Maratha community in Maharashtra is holding aggressive protests demanding reservation.

What is Maratha protests all about?

  • Quotas for Marathas, a politically influential community that constitutes around 33 per cent of the state’s population, has been a hugely contentious issue.
  • The Marathas began to agitate for their demands mainly reservations for the community in jobs and education, less than two years ago.
  • Through 2016-2017, the protests took the form of tens of thousands of people marching in silence, not only staying away from violence but also cleaning up the streets after themselves.
  • The aim of their protests and agitation is to force the government to act decisively on its long-pending demands. 
  • For the last four-five days, Maharashtra is witnessing sporadic incidents of violence like torching of buses, tyres mainly in Marathwada, western Maharashtra and Konkan regions.
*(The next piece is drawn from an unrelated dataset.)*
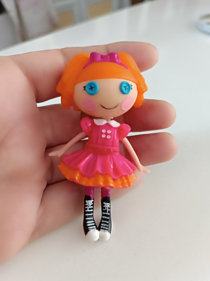 Renkli turuncu saçlı, mavi düğme gözlü ve pembe elbiseli minik bebek figürü. Siyah beyaz ayakkabılarla tamamlanmıştır. orjinal yurtdışı ürünüdür çoklu alımlarda lütfen ürün birleştirme isteyin

What are the demands of Marathas community?

  • Referring to a study of farmers’ suicides in 2014-16, the affidavit said nearly 78% of suicides had taken place in Marathwada and Vidarbha, and “most” of the victims were Marathas.
  • There are also extraordinary circumstances including displacement, high illiteracy faced by the community.
  • Maratha leaders demand the government to give them OBC status and not reservation because any reservation, beyond the existing 50 per cent, would be difficult to implement.
  • Destruction of environment resources due to climate change, and consequent suicides by farmers also justifies reservations of the community beyond the 50% ceiling.
  • Apart from this the community also demands for hostels for Maratha students in every district, and interest-free loans for the economically backward members of the community.
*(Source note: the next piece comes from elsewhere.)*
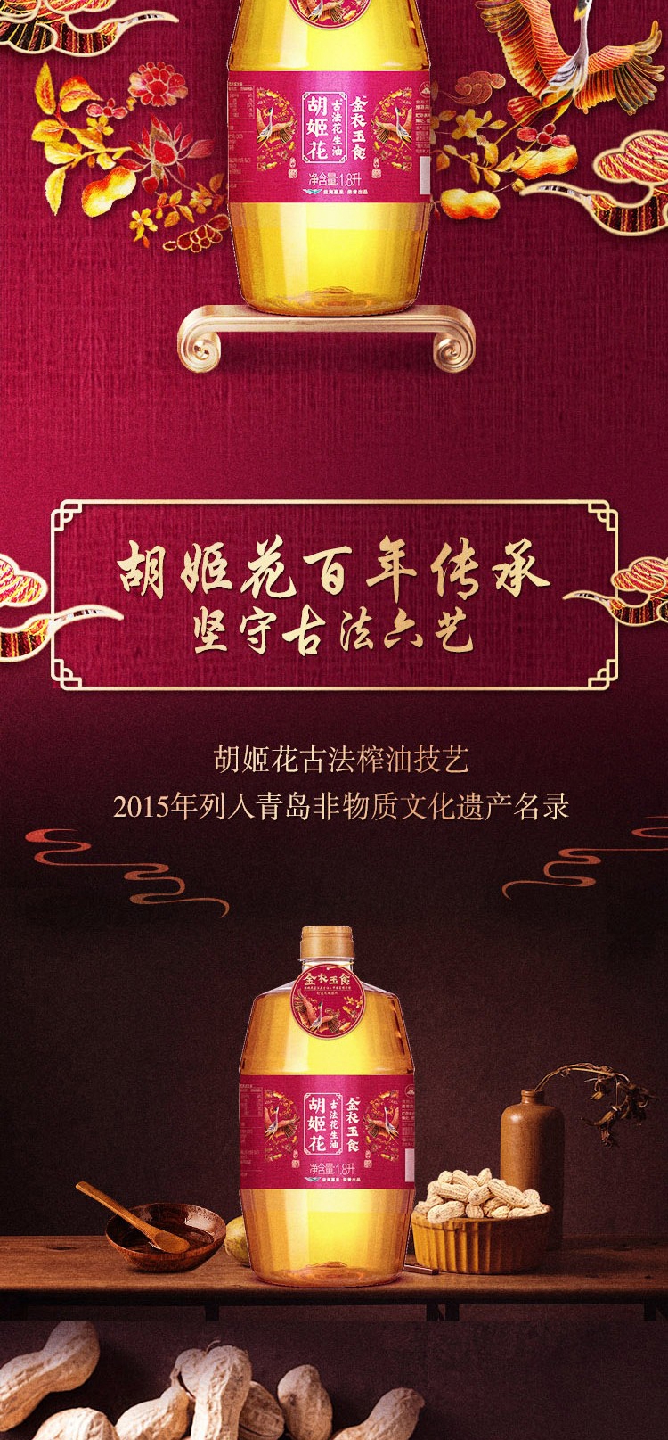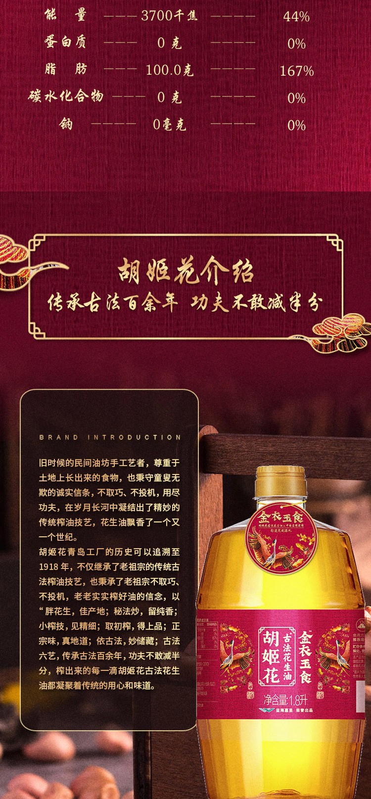金龙鱼 胡姬花金衣玉食古法花生油1.8L*2瓶 (72小时内发货)

What is government’s plan on Maratha reservation?

  • The state government responded the protesters that it would provide 16 per cent reservation in government jobs to the Maratha community.
  • State administration said a recruitment drive would be taken up once Maratha reservation gets constitutional and legal sanction.
  • Apart from this the government is waiting for the consent of the Backward Class Commission which is already considering the proposal to accord OBC status to Marathas.
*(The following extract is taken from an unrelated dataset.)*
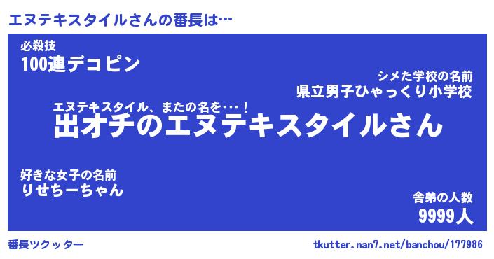 | 伝説のあだ名 | 『伝説の竜騎士エヌテキスタイル』 |

What are the challenges in resolving this issue?

  • Delayed Process - It is to be clear that any government do not have any right to declare reservation, it has to be done by the Backward Class Commission, the High Court and the government.
  • But there is a cap on the reservation to be given by a state government. The Constitution mandates that there should be an upper limit of 50 per cent on reservation.
  • The Backward Commission was currently going around the state to find out the social and economic status of Marathas.
  • However, the commission is going very slow in its job which has sparked apprehension that the community’s demand will remain pending again
  • Judicial Supremacy - Bombay High Court has twice rejected a proposed quota for Marathas, striking down an ordinance issued by the earlier Congress-NCP government.
  • Cascading Effects - On the other hand, if the Marathas are granted OBC status, they would qualify for the existing OBC quotas.
  • Vote bank Politics - The community claims that the government need not wait for the commission to finalise its report.
  • This means the government will be get a chance to play vote bank politics by promising quota for the community during election campaigning.
  • Lack of cause and leadership - The Maratha mobilisation is linked to the continuing agrarian crisis in Maharashtra, for which there is no quick fix.
  • Their insecurities are not fundamentally different from those of other dominant castes such as Patels, Gujjars and Jats, which have triggered shows of assertion elsewhere, too.
  • There is no single leadership in the community, due to this the government does not know who in the Maratha leadership to talk to.